— Problem requirements —
Copy the data below exactly, omitting any picture it contains.

(Collected data)
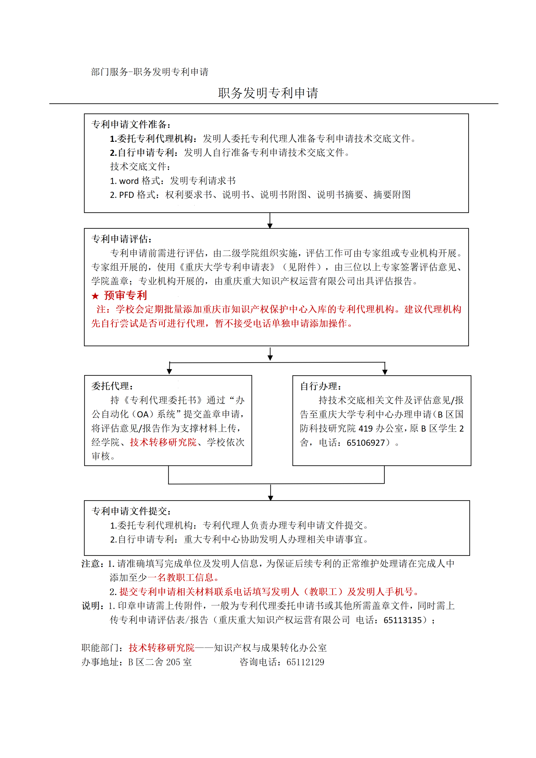 重庆大学职务发明专利申请工作流程
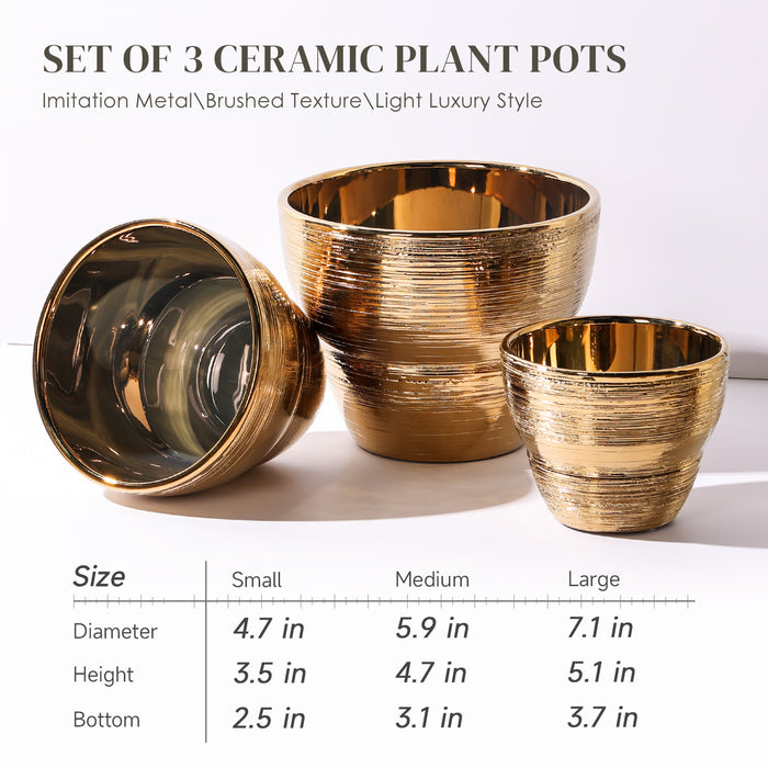 Jofamy Ceramic Plant Pots 7 1 5 9 4 7 Inch Brushed Gold Finish Planter Pots With Drainage Silicone Plugs Mesh Pads Flower Pots For Indoor Plants Ideal For Birthday Wedding
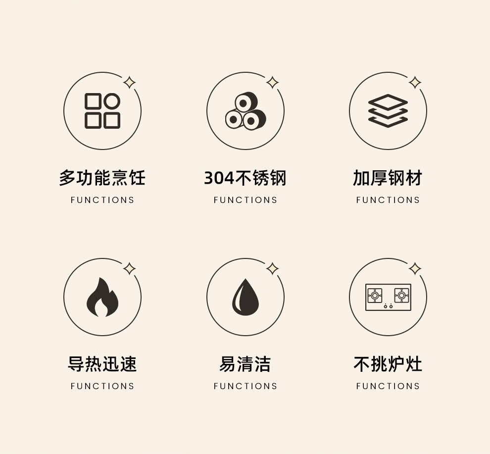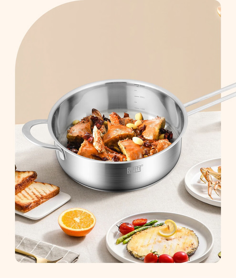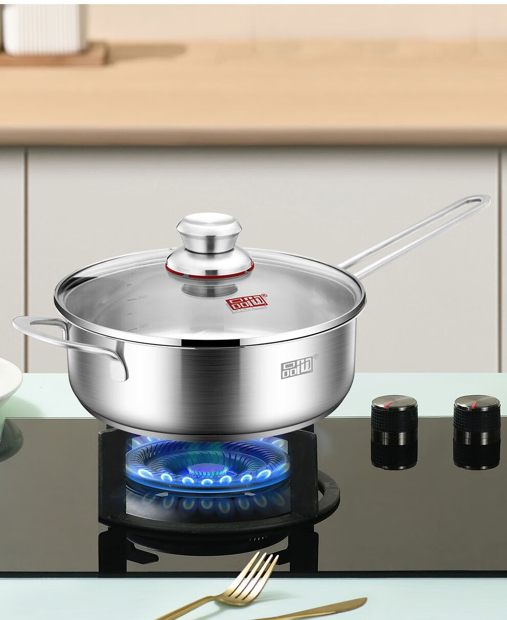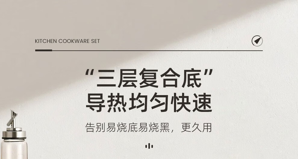 隔热小红圈空心顶珠;侧扁形钢线锅把手设计;三层复合锅底
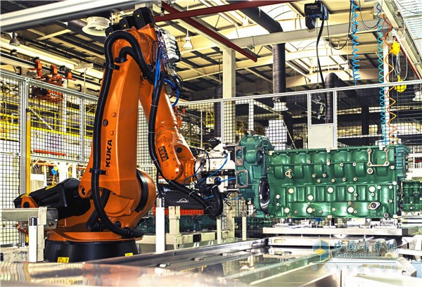 “這里的6DM氣缸體生產線是GROB的全球第一條重型柴油機氣缸體生產線。”基地領導自豪地說,裝備領先是確保奧威6DM機高品質的重要因素,這里的整線設備如加工、裝配、輸送、檢測、校車等均由國際領先的設備供應商提供。其中,6DM11升發動機裝配線采用NC控制,借助機器人、助力機械手、桁架機械手及EMS系統等實現自動化運行,同時整線設計采用了視覺防錯、激光防錯、機械防錯等多種先進防錯技術,實現了6DM11升柴油機的高效生產和產品高品質。
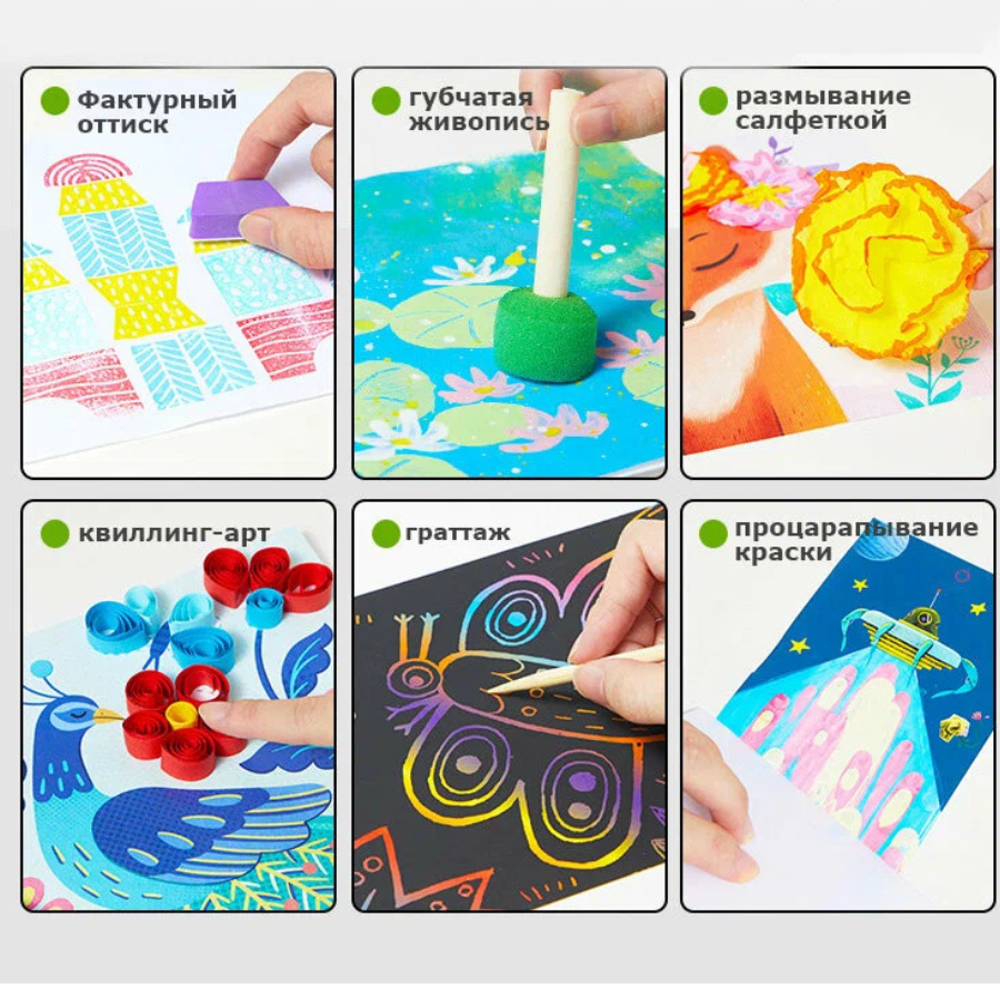 بفضل تنوع الأدوات والخامات، يمكن للأطفال تجربة تقنيات فنية مختلفة والاستمتاع بساعات طويلة من اللعب الإبداعي.

— Expected answer —
 重庆大学职务发明专利申请工作流程
 Jofamy Ceramic Plant Pots 7 1 5 9 4 7 Inch Brushed Gold Finish Planter Pots With Drainage Silicone Plugs Mesh Pads Flower Pots For Indoor Plants Ideal For Birthday Wedding
 隔热小红圈空心顶珠;侧扁形钢线锅把手设计;三层复合锅底
 “這里的6DM氣缸體生產線是GROB的全球第一條重型柴油機氣缸體生產線。”基地領導自豪地說,裝備領先是確保奧威6DM機高品質的重要因素,這里的整線設備如加工、裝配、輸送、檢測、校車等均由國際領先的設備供應商提供。其中,6DM11升發動機裝配線采用NC控制,借助機器人、助力機械手、桁架機械手及EMS系統等實現自動化運行,同時整線設計采用了視覺防錯、激光防錯、機械防錯等多種先進防錯技術,實現了6DM11升柴油機的高效生產和產品高品質。
 بفضل تنوع الأدوات والخامات، يمكن للأطفال تجربة تقنيات فنية مختلفة والاستمتاع بساعات طويلة من اللعب الإبداعي.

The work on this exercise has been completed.